I’ve included my custom compute function (up to the point where ‘infos’ is accessed)

@override(Policy)
    def compute_actions_from_input_dict(self, input_dict, explore=None, timestep=None, episodes=None, **kwargs):

        if not self.config['env_config'].get('invalid_action_masking', False):
            raise RuntimeError('invalid_action_masking must be set to True in env_config to use this mixin')

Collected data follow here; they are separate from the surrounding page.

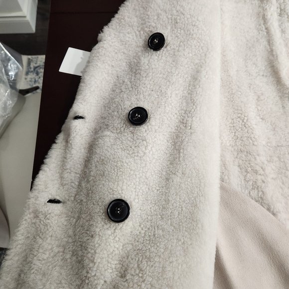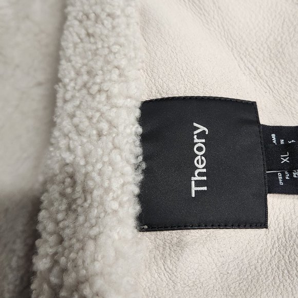 THEORY Double-Breasted Lamb Leather Shearling Coat
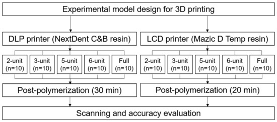Although producing precise temporary restorative materials through 3D printing is critical, there have been a lack of studies regarding its accuracy. Few studies have been performed on 3D-printed temporary restorations, including the cytocompatibility of 3D-printed temporary restorations [8] and fabrication of highly viscous temporary crowns with fast building speed [9]. In addition, comparisons on the products of DLP and LCD-type printers have hardly been made. One study showed that DLP and LCD-type printers could print products of similar mechanical and biological properties if several adjustments in polymerization time and intensity were performed [6]. Therefore, it may be necessary to print temporary restorations using commonly used DLP and LCD techniques and study their accuracy. As the accuracy may vary according to size, variations in sizes may also be needed.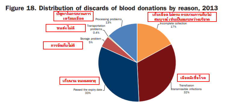 5) โลหิตที่รับไป แต่ต้องทิ้ง คิดเป็น % ดังนี้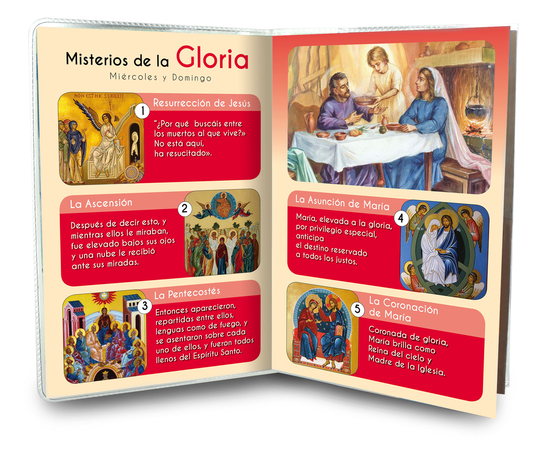 Il libretto, composto da 16 pagine, si presenta con una copertina in plastica trasparente e nell'interno vi è un piccolo rosario con i grani tipo perlina del diamero di mm 4.
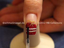 Pinte ahora con el esmalte transparente una línea, entre las dos líneas blancas, para fijar las perlitas para uñas en oro.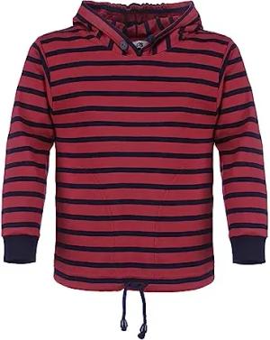 Kinder Kapuzenshirt mit Streifen - Kapuzenpullover mit Kordelzug am Bund in Rot-Blau Größe 116

        explore = explore if explore is not None else self.config["explore"]
        timestep = timestep if timestep is not None else self.global_timestep

        with torch.no_grad():
            # Pass lazy (torch) tensor dict to Model as `input_dict`.
            input_dict = self._lazy_tensor_dict(input_dict)
            # Pack internal state inputs into (separate) list.
            state_batches = [
                input_dict[k] for k in input_dict.keys() if "state_in" in k[:8]
            ]
            # Calculate RNN sequence lengths.
            seq_lens = np.array([1] * len(input_dict["obs"])) \
                if state_batches else None

            # Call the exploration before_compute_actions hook.
            self.exploration.before_compute_actions(
                explore=explore, timestep=timestep)

            dist_inputs, state_out = self.model(input_dict, state_batches,
                                                seq_lens)
            # Extract the tree from the info batch
            valid_action_trees = []
            infos = input_dict[SampleBatch.INFOS]
            for info in infos:
                if not isinstance(info, torch.Tensor) and 'valid_action_tree' in info:
                    valid_action_trees.append(info['valid_action_tree'])
                else:
                    valid_action_trees.append({0: {0: {0: [0]}}})

Hey @Bam4d . Thanks for filing this. I can reproduce the error.
Taking a look right now …

1 Like

Here is the issue and the PR for the fix:

Issue: [RLlib] `Policy.compute_actions_from_input_dict` does not properly track accessed fields for the Policy's view-requirements. · Issue #14385 · ray-project/ray · GitHub
PR: [RLlib] Issue 14385: `Policy.compute_actions_from_input_dict` does not properly track accessed fields for Policy's view requirements. by sven1977 · Pull Request #14386 · ray-project/ray · GitHub

1 Like